> [Work task] Give the data again word for word; drop the pictures.

(Data shown)

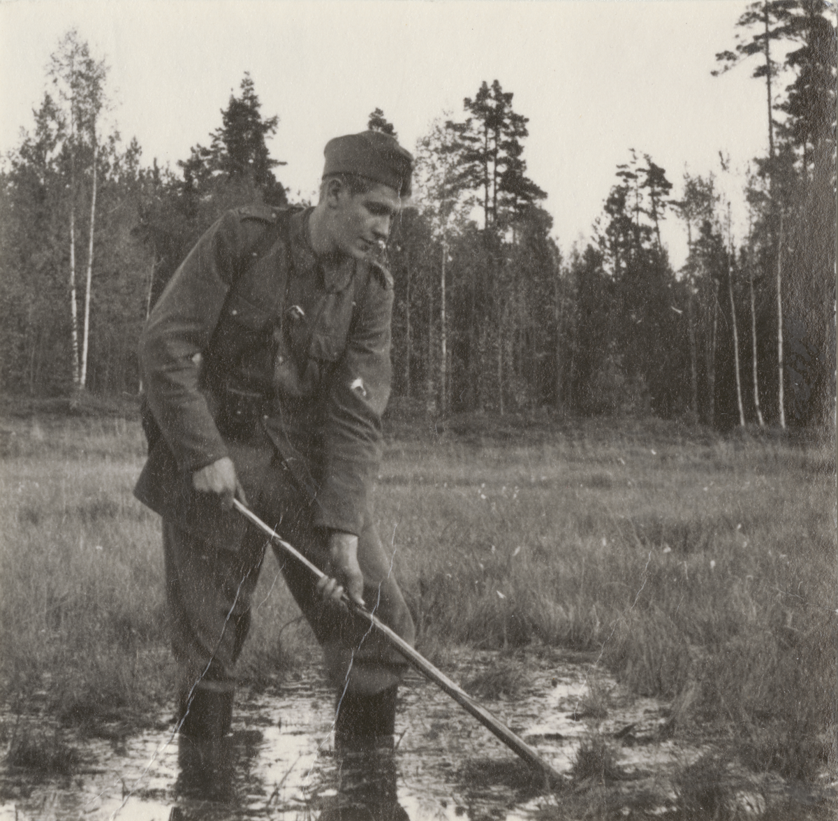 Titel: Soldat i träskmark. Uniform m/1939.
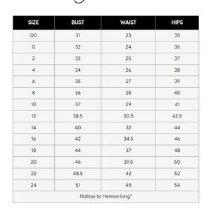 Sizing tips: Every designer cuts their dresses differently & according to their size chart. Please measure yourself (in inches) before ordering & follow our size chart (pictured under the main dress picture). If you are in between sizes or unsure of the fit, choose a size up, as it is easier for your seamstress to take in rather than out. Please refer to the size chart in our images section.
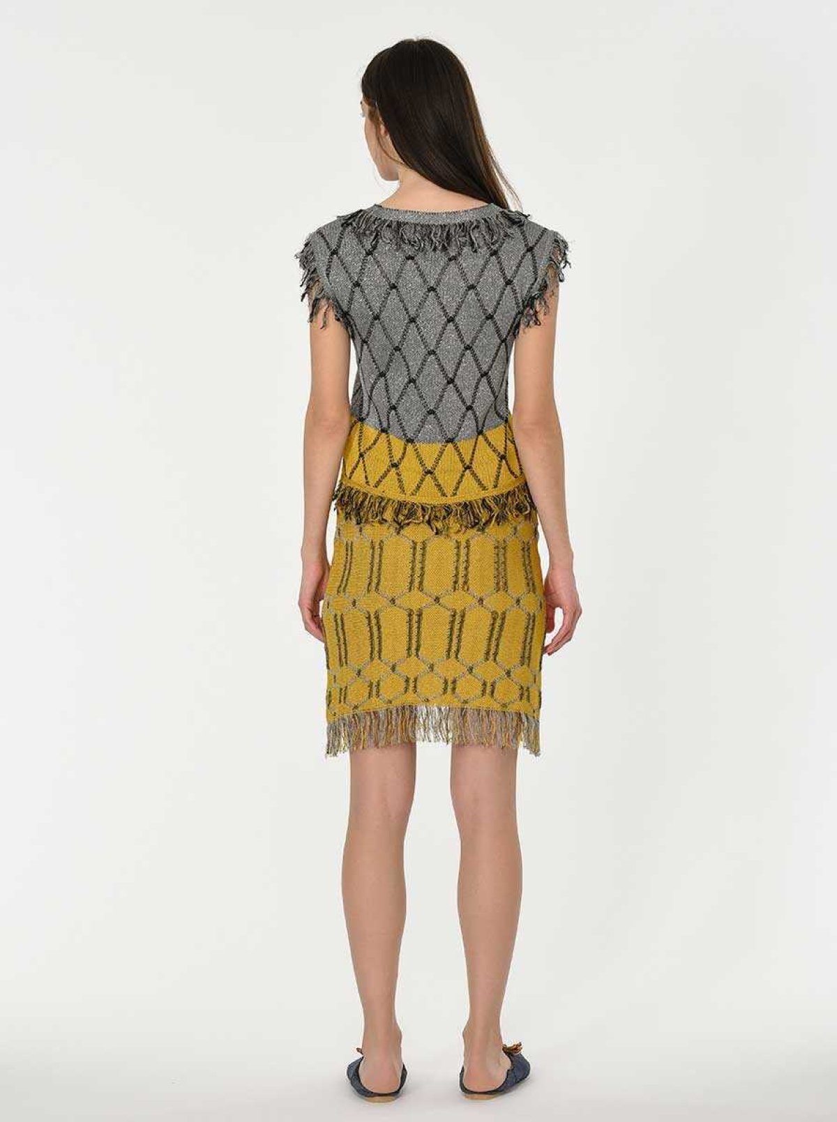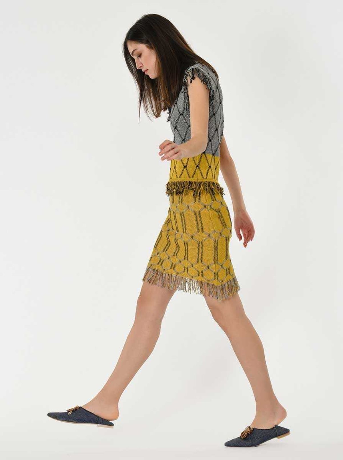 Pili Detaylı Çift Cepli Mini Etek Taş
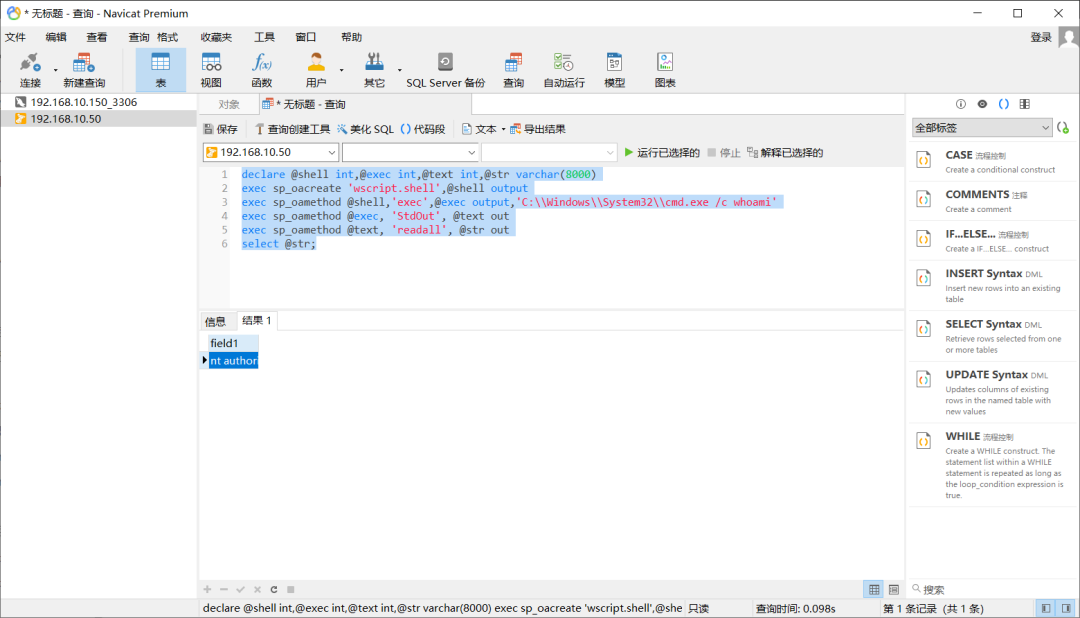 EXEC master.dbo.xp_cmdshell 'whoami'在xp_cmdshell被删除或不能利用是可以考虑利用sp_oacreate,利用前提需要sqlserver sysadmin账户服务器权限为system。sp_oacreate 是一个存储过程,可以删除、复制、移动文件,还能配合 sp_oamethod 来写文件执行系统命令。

(End Data shown)

> [Solution to the exercise]
 Titel: Soldat i träskmark. Uniform m/1939.
 Sizing tips: Every designer cuts their dresses differently & according to their size chart. Please measure yourself (in inches) before ordering & follow our size chart (pictured under the main dress picture). If you are in between sizes or unsure of the fit, choose a size up, as it is easier for your seamstress to take in rather than out. Please refer to the size chart in our images section.
 Pili Detaylı Çift Cepli Mini Etek Taş
 EXEC master.dbo.xp_cmdshell 'whoami'在xp_cmdshell被删除或不能利用是可以考虑利用sp_oacreate,利用前提需要sqlserver sysadmin账户服务器权限为system。sp_oacreate 是一个存储过程,可以删除、复制、移动文件,还能配合 sp_oamethod 来写文件执行系统命令。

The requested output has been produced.